Exercise requirements =
Please, without any pictures, set down exactly the part of the listing below that opens with the line containing "如今拜登終於出發了,23日他" and closes with the line containing "KIT 3 PEÇAS".

Task input =
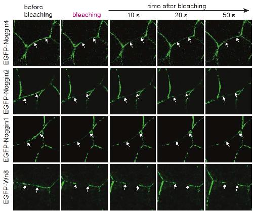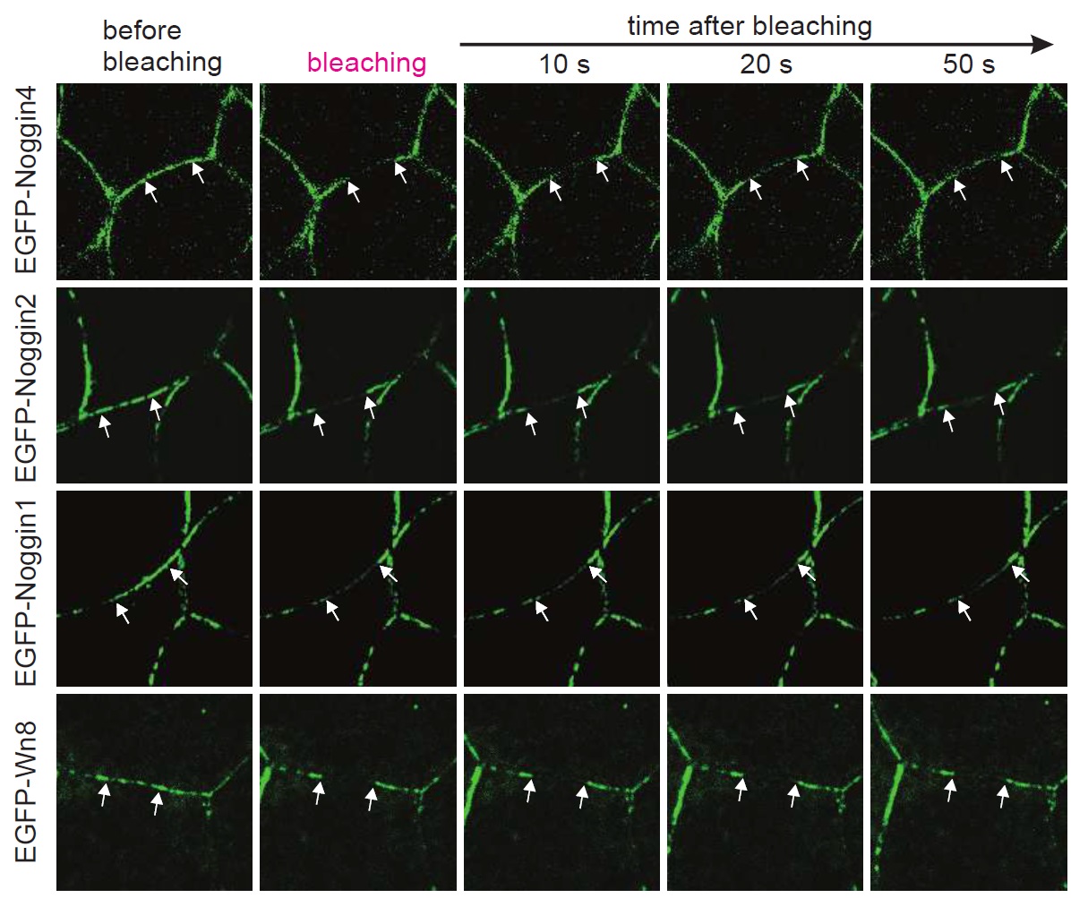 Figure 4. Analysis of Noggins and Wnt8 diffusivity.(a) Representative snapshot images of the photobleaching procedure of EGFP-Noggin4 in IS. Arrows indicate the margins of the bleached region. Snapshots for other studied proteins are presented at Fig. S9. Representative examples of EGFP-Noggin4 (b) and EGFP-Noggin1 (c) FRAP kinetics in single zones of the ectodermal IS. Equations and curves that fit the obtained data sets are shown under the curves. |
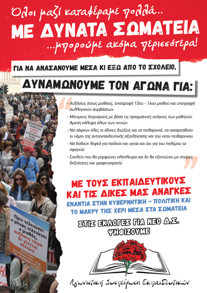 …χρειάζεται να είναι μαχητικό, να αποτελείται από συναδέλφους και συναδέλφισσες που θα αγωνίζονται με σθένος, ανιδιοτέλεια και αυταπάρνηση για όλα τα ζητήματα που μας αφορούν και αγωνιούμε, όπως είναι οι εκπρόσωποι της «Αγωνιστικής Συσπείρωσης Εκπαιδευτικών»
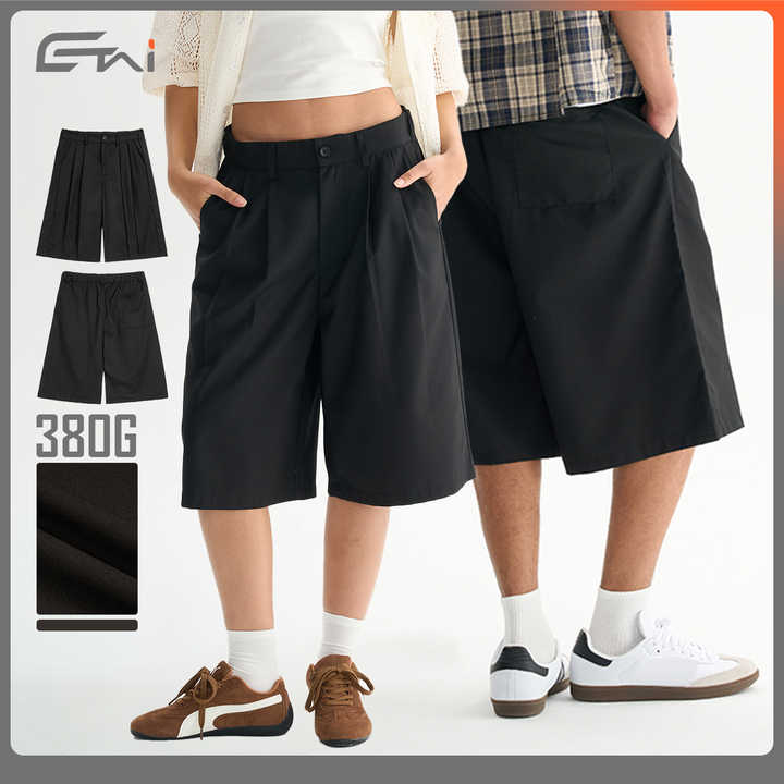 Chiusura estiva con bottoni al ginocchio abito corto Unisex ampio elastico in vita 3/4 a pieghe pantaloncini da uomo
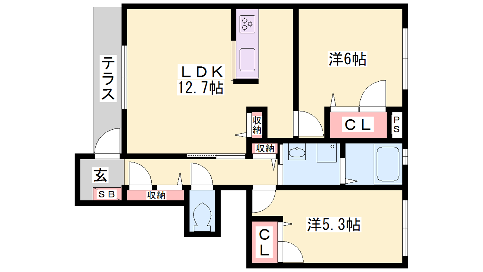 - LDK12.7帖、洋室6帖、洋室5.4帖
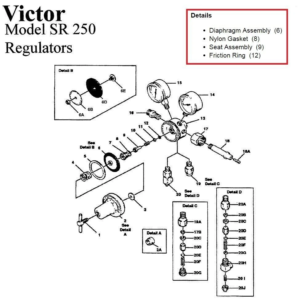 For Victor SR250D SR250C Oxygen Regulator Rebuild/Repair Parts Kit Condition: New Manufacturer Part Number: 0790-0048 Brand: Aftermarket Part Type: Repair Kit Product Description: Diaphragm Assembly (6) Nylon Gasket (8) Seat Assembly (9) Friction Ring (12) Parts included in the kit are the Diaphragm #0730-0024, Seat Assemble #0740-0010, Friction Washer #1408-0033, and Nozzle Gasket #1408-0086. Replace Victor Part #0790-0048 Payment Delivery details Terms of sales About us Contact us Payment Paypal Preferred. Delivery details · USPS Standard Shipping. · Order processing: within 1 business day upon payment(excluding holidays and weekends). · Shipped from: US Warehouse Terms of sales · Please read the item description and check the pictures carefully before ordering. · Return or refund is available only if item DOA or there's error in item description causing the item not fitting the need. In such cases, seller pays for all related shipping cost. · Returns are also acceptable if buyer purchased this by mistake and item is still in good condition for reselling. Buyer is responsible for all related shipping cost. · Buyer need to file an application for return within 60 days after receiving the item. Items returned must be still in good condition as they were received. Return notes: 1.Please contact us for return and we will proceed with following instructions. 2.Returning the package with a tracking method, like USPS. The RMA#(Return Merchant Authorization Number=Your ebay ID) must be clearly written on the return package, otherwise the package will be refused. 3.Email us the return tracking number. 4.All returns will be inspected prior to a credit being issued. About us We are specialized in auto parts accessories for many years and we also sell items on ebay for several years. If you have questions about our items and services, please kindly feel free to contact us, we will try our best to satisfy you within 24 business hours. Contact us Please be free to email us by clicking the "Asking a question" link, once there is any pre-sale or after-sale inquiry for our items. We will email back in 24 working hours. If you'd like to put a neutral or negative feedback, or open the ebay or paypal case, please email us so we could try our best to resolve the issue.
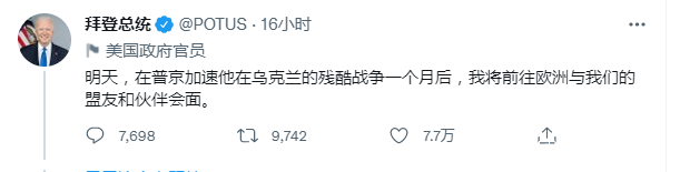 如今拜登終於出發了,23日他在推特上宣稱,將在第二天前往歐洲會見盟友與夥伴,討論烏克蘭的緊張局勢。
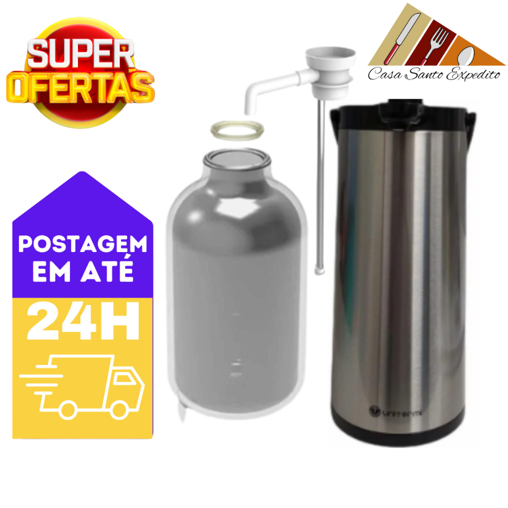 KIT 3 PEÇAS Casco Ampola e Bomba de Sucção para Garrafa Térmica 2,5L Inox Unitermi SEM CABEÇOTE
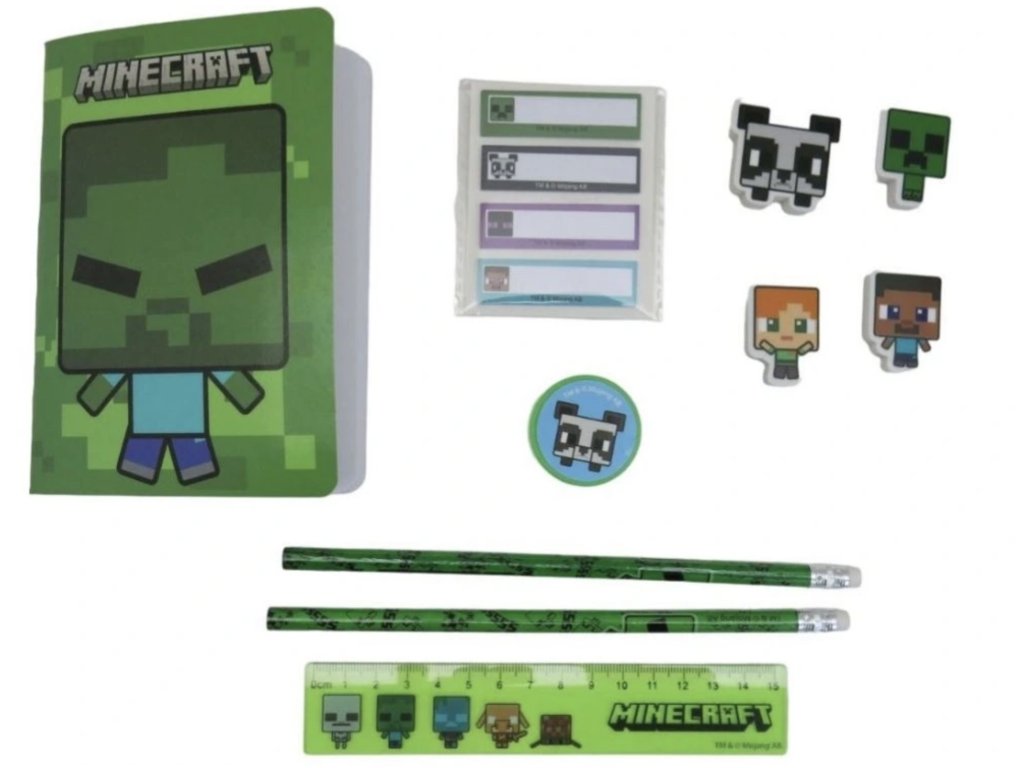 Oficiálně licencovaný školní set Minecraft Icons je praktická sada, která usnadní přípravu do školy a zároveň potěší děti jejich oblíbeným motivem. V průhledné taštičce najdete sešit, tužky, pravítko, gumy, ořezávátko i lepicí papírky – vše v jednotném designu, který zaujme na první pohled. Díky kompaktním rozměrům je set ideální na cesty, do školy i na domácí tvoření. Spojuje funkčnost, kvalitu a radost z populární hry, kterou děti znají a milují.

Result of this exercise =
 如今拜登終於出發了,23日他在推特上宣稱,將在第二天前往歐洲會見盟友與夥伴,討論烏克蘭的緊張局勢。
 KIT 3 PEÇAS Casco Ampola e Bomba de Sucção para Garrafa Térmica 2,5L Inox Unitermi SEM CABEÇOTE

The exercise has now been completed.